The building is about a mile from the central business district of Detroit — and within walking distance of new housing that’s being built or redeveloped in and around Corktown.

“Our young people love … living and working in urban areas,” said Bill Ford Jr., executive chairman of the company and great-grandson of founder Henry Ford. “For me, it was a no-brainer. And also, it’s still a pretty good deal to be in downtown Detroit.”

Ford Land Development Co., the real estate arm of the automaker, purchased The Factory at Corktown building from former IndyCar driver Robbie Buhl and his brother, Tom, for an undisclosed price.

The company has secured parking for employees in a vacant lot across Michigan Avenue that will accommodate the 200-plus employees, Marakby said.

Staying close to home

Marakby said “a good portion” of the employees who will work in Corktown already live in the greater downtown area.

The owner of a wine bar next door to The Factory is hoping that’s the case.

“My only hope is that they’re not the type of people who get in their car and go right back home to the suburbs,” said David Armin-Parcells, owner of MotorCity Wine, which has operated a wine bar and shop at 1949 Michigan Ave. since 2013.

The Buhl brothers’ race team and motorsports marketing company, Buhl Sport Detroit, will remain headquartered in a smaller two-story annex building at the corner of Michigan Avenue and Rosa Parks Boulevard.

“Obviously, we’re excited that Ford’s coming back to Detroit and Corktown,” Robbie Buhl said in an interview. “It just made more sense, with what their interest was, to sell them the building.”

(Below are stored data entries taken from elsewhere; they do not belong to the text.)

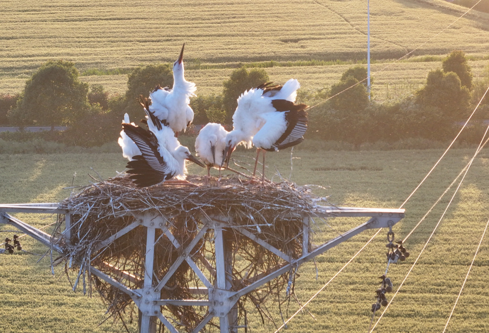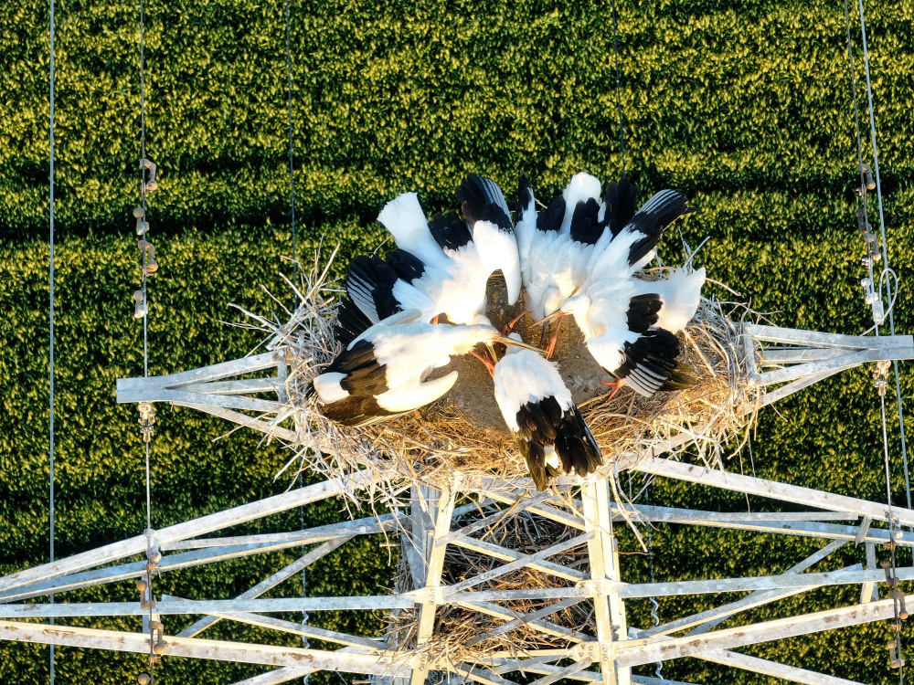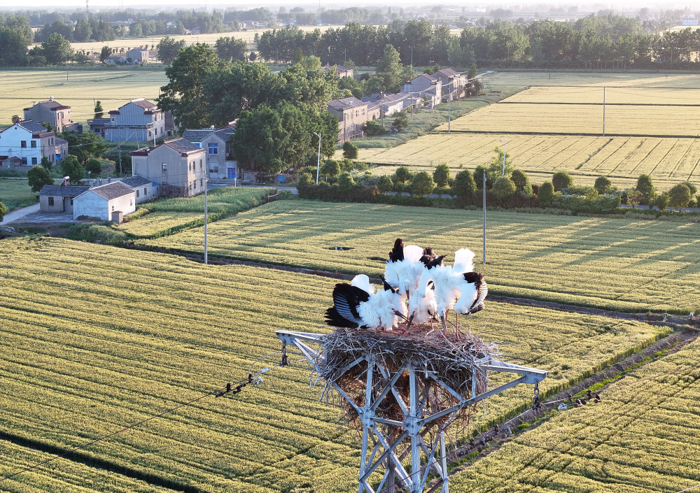 5月16日,东方白鹳栖息在高邮市周山镇江苏之心地理信息园旁的铁塔上(无人机照片)。新华社记者 季春鹏 摄
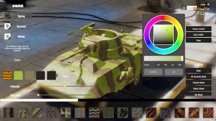 The game is great and appealing especially the workshop, but I realize something was out of the picture. at first glance when you are finish bolting the tank with parts and armor it was all paled gray of which they look boring and unappealing and same for the camo.I would like to request a color scheme update from another time, the idea is simple: it could have a pannel and select different colors and to dye them point it to the parts "only" & to adjust its contrast to become darker & brighter.
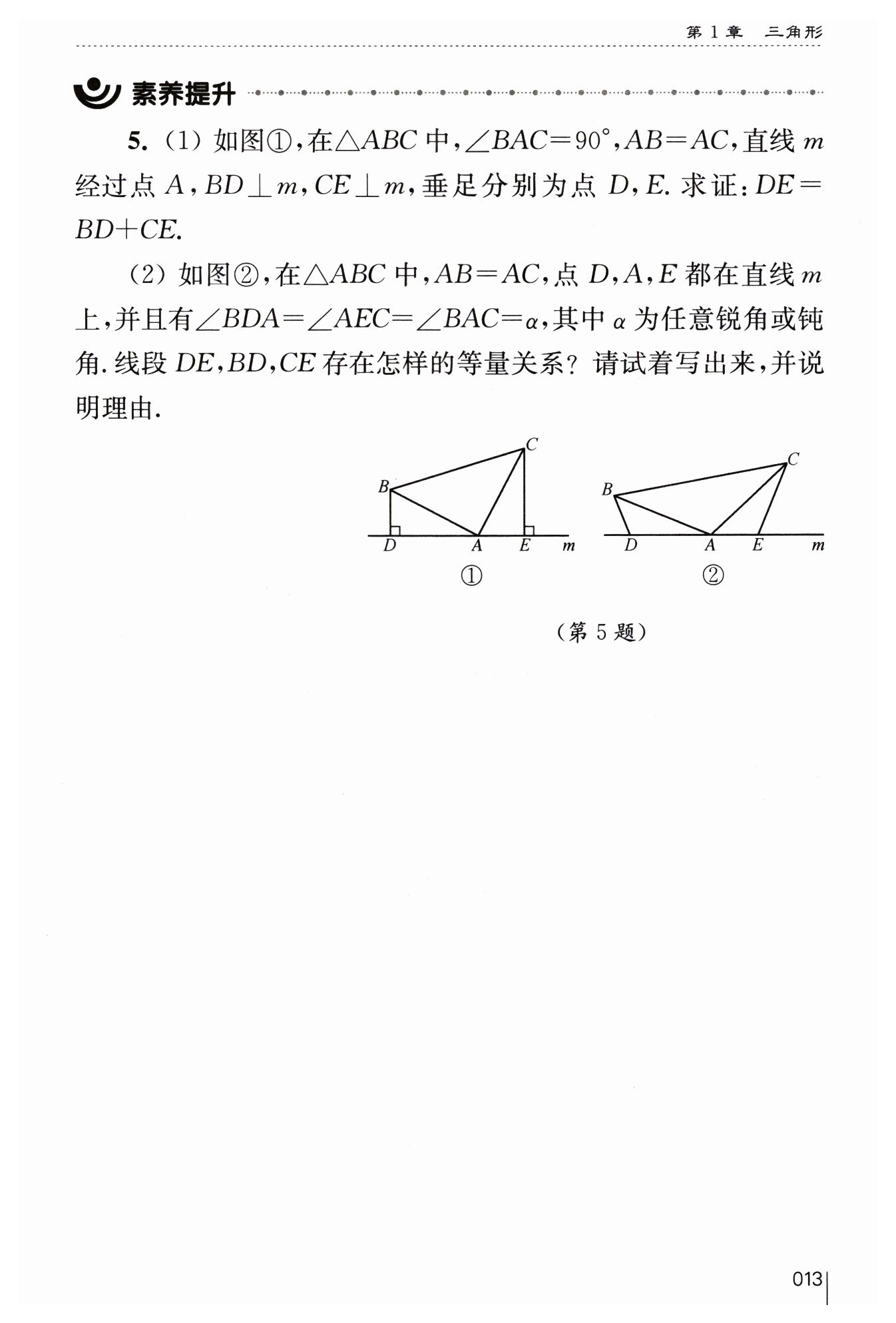 ?$ (1)$?證明:∵?$BD\perp m,$??$CE\perp m,$?∴?$∠BDA=∠AEC = 90°$?
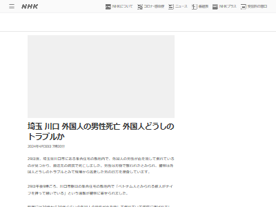 埼玉 川口 外国人の男性死亡 外国人どうしのトラブルか
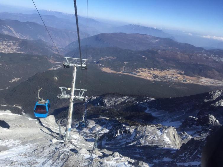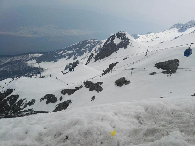 去冰川公園乘大索道,纜車會將你送到4506米的高處,出了索道,是冰川公園的休息站,可以看到最高峰,也能看到整個山脈和對面的景色。如果想要登頂4680米的最高處,剩下100多米的棧道要自己一步步地爬上去。
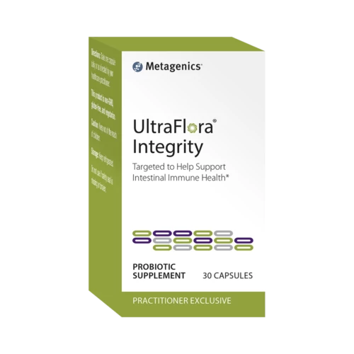 UltraFlora® Integrity features 100 million CFU of patented probiotic strain Lactobacillus salivarius UCC118, which preclinical studies suggest may influence tight junctions between intestinal cells and may beneficially influence immune cell signaling processes.* Backed by the Metagenics ID Guarantee for purity, clinical reliability, and predicted safety via scientific identification of strains with established health benefits.
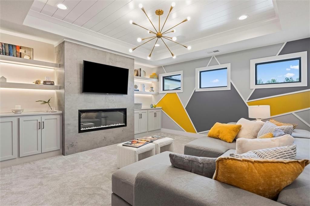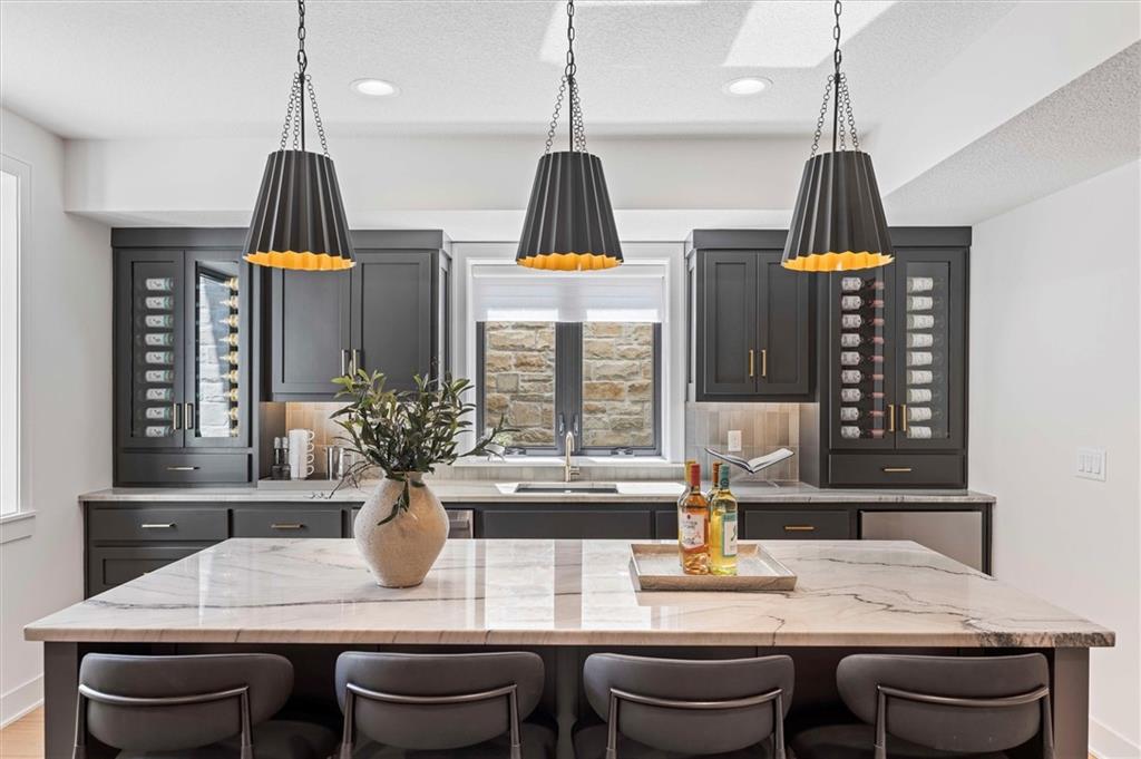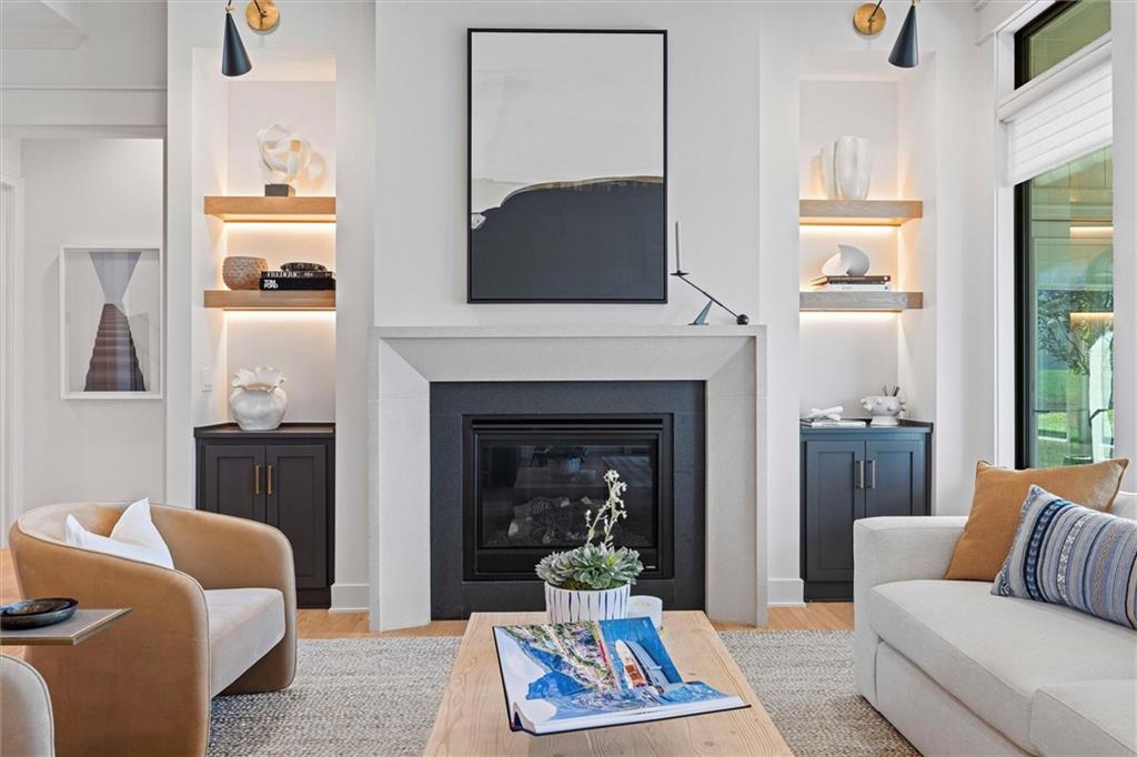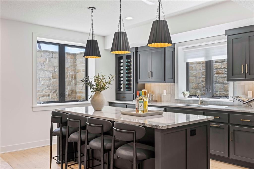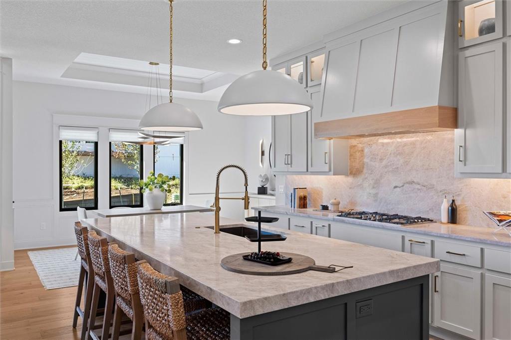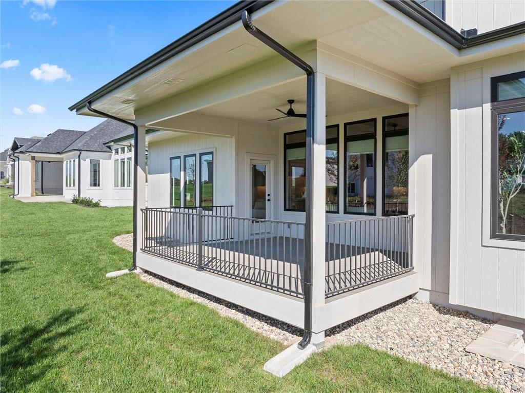 Introducing The Santa Barbara, Hilmann Home Building’s breathtaking new 1.5-story design, prominently showcased on Lot 49 along Model Row. This exceptional floor plan offers 7 bedrooms and 6.5 baths, delivering an unparalleled combination of luxury, comfort, and functionality. The open-concept main level features a stunning great room with hardwood flooring, a vaulted ceiling, a floor-to-ceiling fireplace, and seamless views of the covered outdoor living area—ideal for year-round entertaining. The gourmet kitchen highlights beautifully crafted cabinetry, a large island with granite countertops, and a spacious walk-in pantry that can double as a prep kitchen. The primary suite is thoughtfully designed with a spa-inspired bathroom featuring a large vanity, walk-in shower, freestanding soaking tub, and two expansive walk-in closets. A private door leads directly from the primary bedroom to the covered porch for added convenience. The main-level laundry room includes a utility sink, cabinetry, and dual access from both the primary suite and the main living area. A fifth bedroom on this level serves perfectly as an office or study and includes access to a full bath. Each bedroom throughout the home boasts its own private bathroom and walk-in closet, ensuring comfort and privacy for all. The second floor offers a generous loft area complete with a fireplace, custom built-ins, and shelving, as well as an additional laundry hookup for ease of use.The fully finished walkout basement is an entertainer’s dream, featuring two additional bedrooms, a Hollywood-style bathroom, a half bath, a large wet bar with an island, a cozy fireplace, and expansive recreational space. Come explore this beautifully crafted home, loaded with upgrades and situated in a truly exceptional neighborhood. Taxes are estimated. Models Open Daily, 11 am – 5pm, and Sunday, 12-5pm. Visit the sales office at 12411 W 183rd Terrace, Overland Park. THIS IS A MODEL HOME AND NOT FOR SALE AT THIS TIME.

The Buhls, who bought the building in 2015 for $1.8 million through an entity called Riverfront Partnership I LLC, also will continue to share rented space with Brothers Tuning Detroit, which produces after-market gear shift knobs for the Ford Focus and Fiesta cars.

The Buhls rehabilitated the building over the past three years and were using the third floor for special events until Ford executives expressed interest in the building a few months ago.

“Everything just came together, and it happened very fast — it happened in weeks,” Marakby said.

Ford announced its acquisition in mid-December.

“Three years ago, would I ever have thought this was something that would have transpired?” Robbie Buhl said. “No way.”